Shepard Stone (March 31, 1908 – May 4, 1990) was an American journalist and foundation administrator.

== Life and work ==

=== Education and journalism ===
Shepard Stone was the son of Jewish immigrants from Lithuania. After graduating from Nashua High School, he followed the example of his older brother and changed his last name from Cohen to Stone. He graduated from Dartmouth College in New Hampshire with a degree in history. He then studied political science and history in Heidelberg and Berlin, earning his doctorate in history from the University of Berlin.

On 15 August 1933, he married Charlotte Hasenclever-Jaffé and returned to the United States that same year. There Stone worked as a political journalist until 1942 and was also a reporter for the New York Times from 1934 to 1935, after which he became deputy editor of the Sunday edition, a position he held until 1942.

In 1942 he joined the U.S. army and was active in wartime intelligence work.

=== Development of the newspaper industry ===
Stone returned to Germany in 1944 as a volunteer in the first American advance party to land in Normandy on 6 June 1944. He advanced with the American army as far as Torgau and was present when the Buchenwald concentration camp was liberated. After the war, Shepard Stone advised the American occupation authorities on the reconstruction of the newspaper industry until 1946. When he was discharged from the army with the rank of lieutenant colonel, he resumed his former position as second editor-in-chief of the Sunday edition of the New York Times in 1946. But as early as the beginning of November 1949, Stone was appointed deputy to the special adviser for public affairs and information at the American High Commissioner in Germany. He then replaced Special Advisor Ralph Nicholson as head of this office from September 1950. Stone was thus responsible for the media, as well as for the areas of culture and science.
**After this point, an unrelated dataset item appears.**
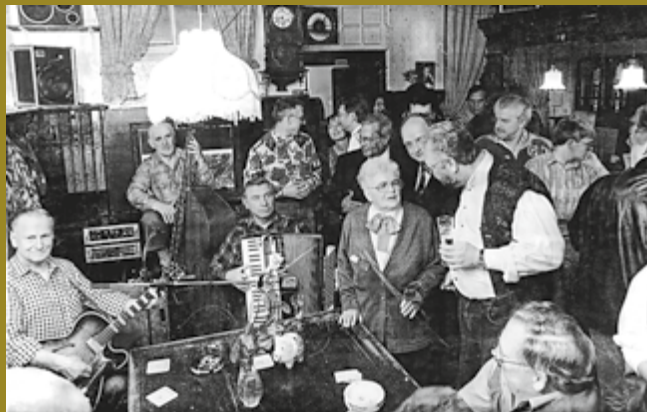
Letzter Abend bei Mutti Krause in der Hosenstraße 1995

Donnerstag, 15. Oktober, 18 Uhr | Eintritt: 8 €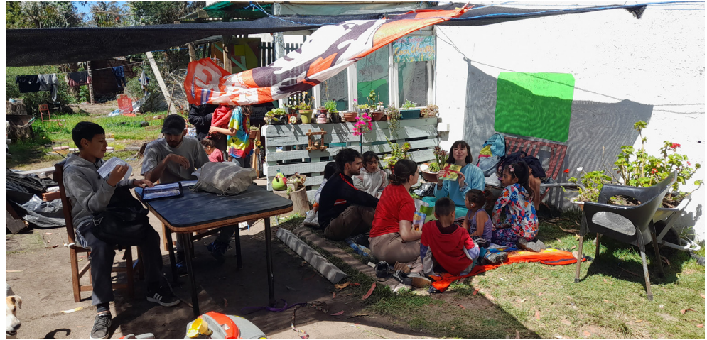
Figura N° 4 Jornada de apoyo escolar y merienda en la vivienda de una vecina del Barrio Las Dalias, que funcionaba como casa vecinal. Octubre 2024.

He worked to build a democratic press in post-war Germany by helping publishers and journalists tap into sources of funding and promoting various exchange programmes.
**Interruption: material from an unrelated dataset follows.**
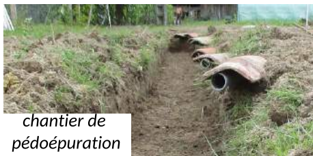
chantier de pédopuration

...en pédopuration ont été faits cet automne pour des particuliers. Il s'agit du système le plus simple et le plus écologique pour valoriser les eaux ménagères.

=== Ford Foundation, Congress for Cultural Freedom, IACF ===
After his term of office ended, Stone returned to America in 1952. One year later, he was accepted onto the staff of the Ford Foundation and was director of the foundation's international affairs department from 1953 to 1968. During this time, Shepard Stone was particularly active in supporting West Berlin: He arranged for donations in the millions for the expansion of the Free University of Berlin, the Deutsche Oper opera house, and various scientific institutes such as the John F. Kennedy Institute for North American Studies and Institute for East European Studies.

Shepard Stone was a supporter of the Congress for Cultural Freedom (CCF) through his work at the Ford Foundation. At the beginning of the 1960s, it became known that the CCF's basic funding came from the CIA via the Ford Foundation. When the Congress for Cultural Freedom (CCF) came to an end in 1967, Shepard Stone became president of the successor organisation, the International Association for Cultural Freedom (IACF). However, its influence was considerably less.

=== Aspen Institute ===
In 1974, Stone went again to Berlin in a role as first director of Aspen in Berlin, a partner institute to American non-profit organization, the Aspen Institute. He remained there until retirement in 1988.

As director of the newly founded Berlin Aspen Institute on Schwanenwerder Island, the first European branch of the Aspen Institute for Humanistic Relations in Aspen, of which he was also a member of the board of trustees, he pursued his life's work: Shepard Stone enabled scientists from all over the world to participate in international exchange and research projects in over 270 international conferences and seminars that the institute held under his direction.

In 1983, the McCloy Academic Scholarship Program for outstanding German students at the Kennedy School of Government at Harvard University was established on the initiative of Shepard Stone.

He was a participant in many of the Bilderberg and Pugwash conferences. He was a member of the Steering Committee of the Bilderberg Group.

On 4 May 1990, Shepard Stone suffered a heart attack while driving to a conference at Dartmouth College, and died at the age of 82.